To learn more about the CLARIN normative layer and the work of the CLARIN Committee for Legal and Ethical Issues, please read this article:
- Kamocki P., Kelli A. & Lindén K. (2022) The CLARIN Committee for Legal and Ethical Issues and the Normative Layer of the CLARIN Infrastructure. In CLARIN: The Infrastructure for Language Resources, edited by Darja Fišer and Andreas Witt, Berlin, Boston: De Gruyter, 2022, pp. 457-480.
How to deal with sensitive and personal data when it comes to linguistic data?
CLARIN-CH event (September 29, 2023)
When it comes to Open Research Data, the management of sensitive and personal data can be very challenging. In this context, CLARIN-CH organised an event focusing on data collection, protection and preservation and their associated procedures, with respect to different types of linguistic data (e.g., multimodal, historical, experimental, sociolinguistics, data from social media, data from different age groups).
- Data collection: talk by Dagmar Jung - linguist specialized in the collection of naturalistic data in the field, metadata collection, secure file handling, workflows useful for the archiving process. Access the slides and the recording*. You will learn about the fact that data collection is the key to a successful management of sensitive data.
- Data protection: talk by Violaine Michel Lange - data scientist, neurolinguist and NLP expert specialized in experimental data and developing NLP pipelines for data protection.
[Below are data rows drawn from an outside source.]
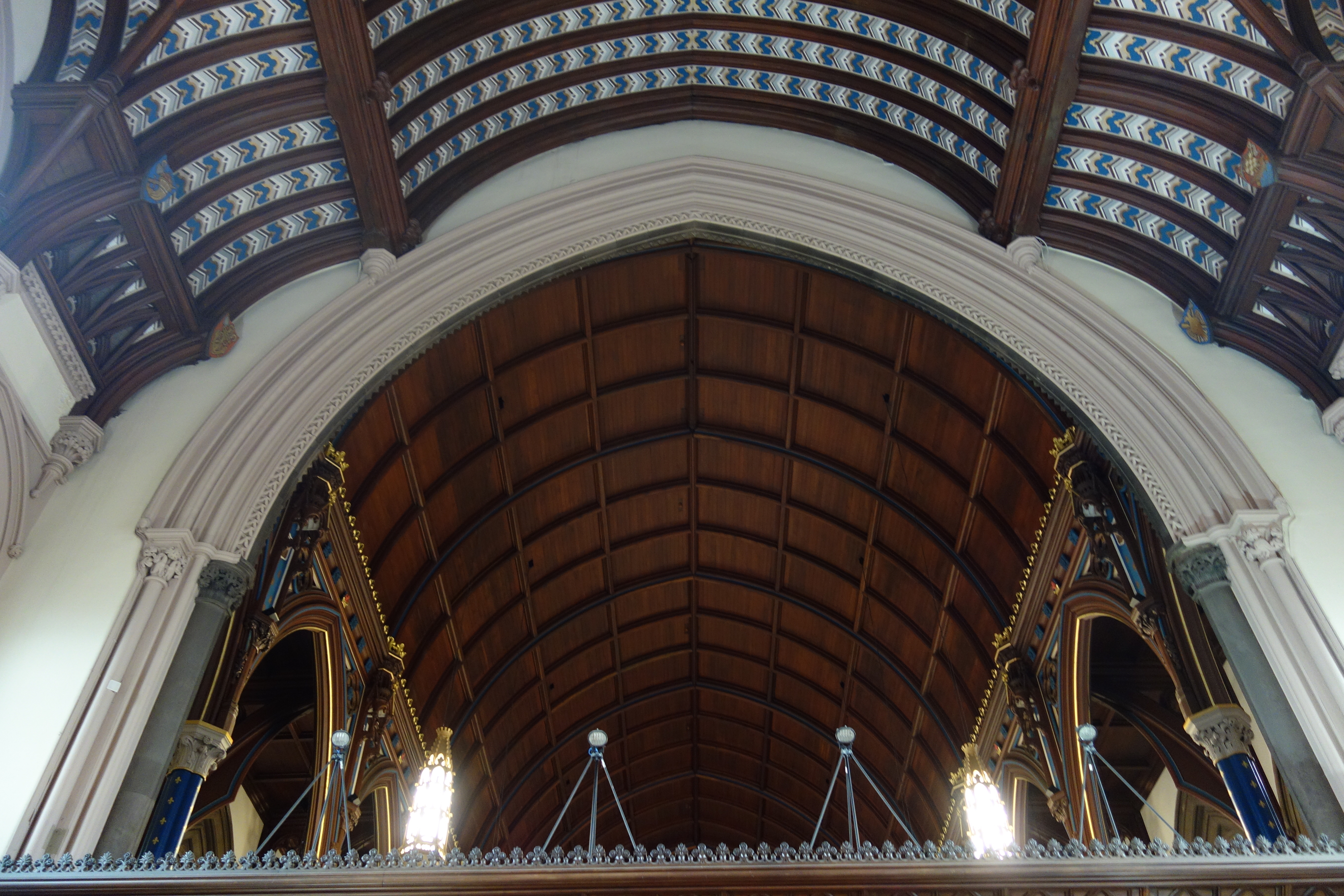 Ceiling of Bute Hall, University of Glasgow (2017)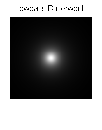 Butterworth lowpass mask for frequency domain image filtering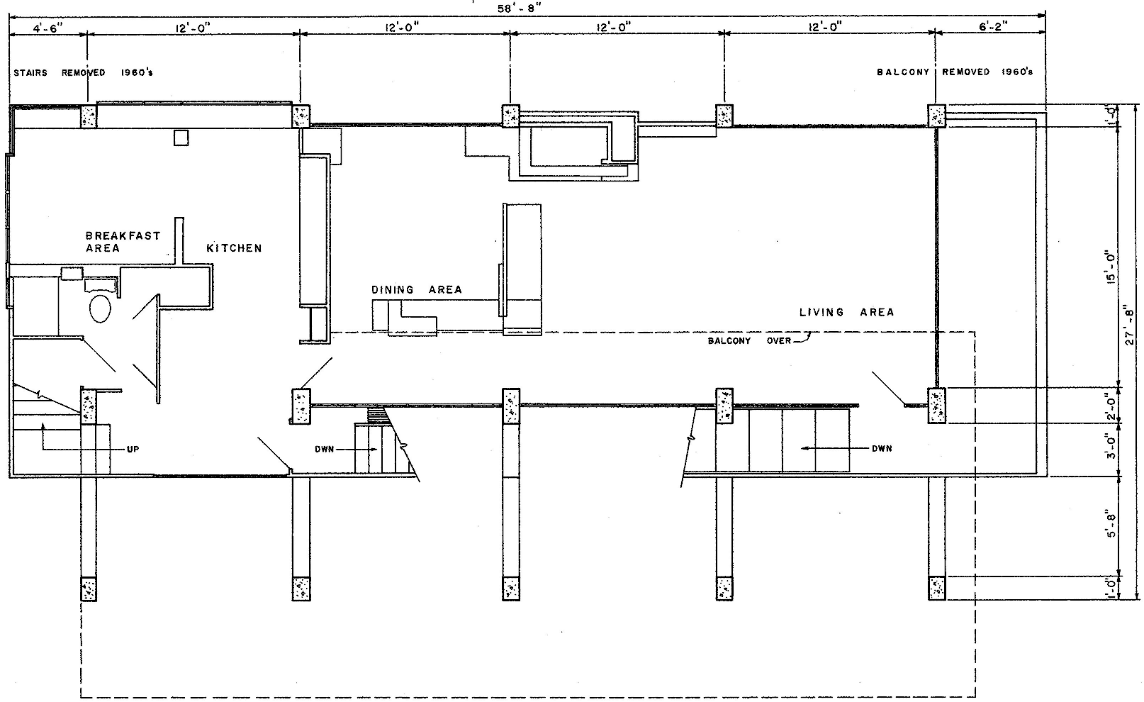 First floor plan of the Lovell Beach House — by architect Rudolf Schindler. On the National Register of Historic Places in Southern California. Image: HABS—Historic American Buildings Survey of California.

Access the slides and the recording*. You will find a discussion about the European GDPR vs. the New Federal Act on Data Protection (nFDAP), and an example of an NLP pipeline for data anonymisation.
- Data protection: talk by Miecznikowski-Fuenfschilling - professor at the Institute of Italian Studies and the Institute of argumentation, linguistics and semiotics of USI Università della Svizzera italiana, and Nina Profazi - research assistant in the project “Data-sharing skills in corpus-based research on talk-in-interaction”, which is part of the ORD program funded by SwissUniversities. Access the slides and the recording*. You will find a discussion about the process of de-identification of data.
- Data preservation: talk by Thomas Schmidt - computer scientist specialized in the field of methodology and technology for working with audiovisual language data and in computer-assisted lexicography. Access the slides and the recording*. You will find a discussion about data management and preservation, a use-case about working with sensitive data (the FOLK project), and a method for data anonymisation.
*The recordings are password protected, contact us if you are interested in getting access.
DARIAH ELDAH Consent Form wizard
The DARIAH ELDAH Consent Form Wizard.7. is an online tool that enables researchers to quickly generate a GDPR-compliant consent form for collecting personal data for research purposes, but which can also be used, for example, for creating mailing lists or organizing academic events. Currently the tool is available in English, German, Italian and Croatian, although there are plans to have it translated to other languages. The tools is created by the members of the CLARIN Committee for Legal and Ethical Issues and of the DARIAH ELDAH Ethics and Legality in Digital Arts and Humanities Working Group.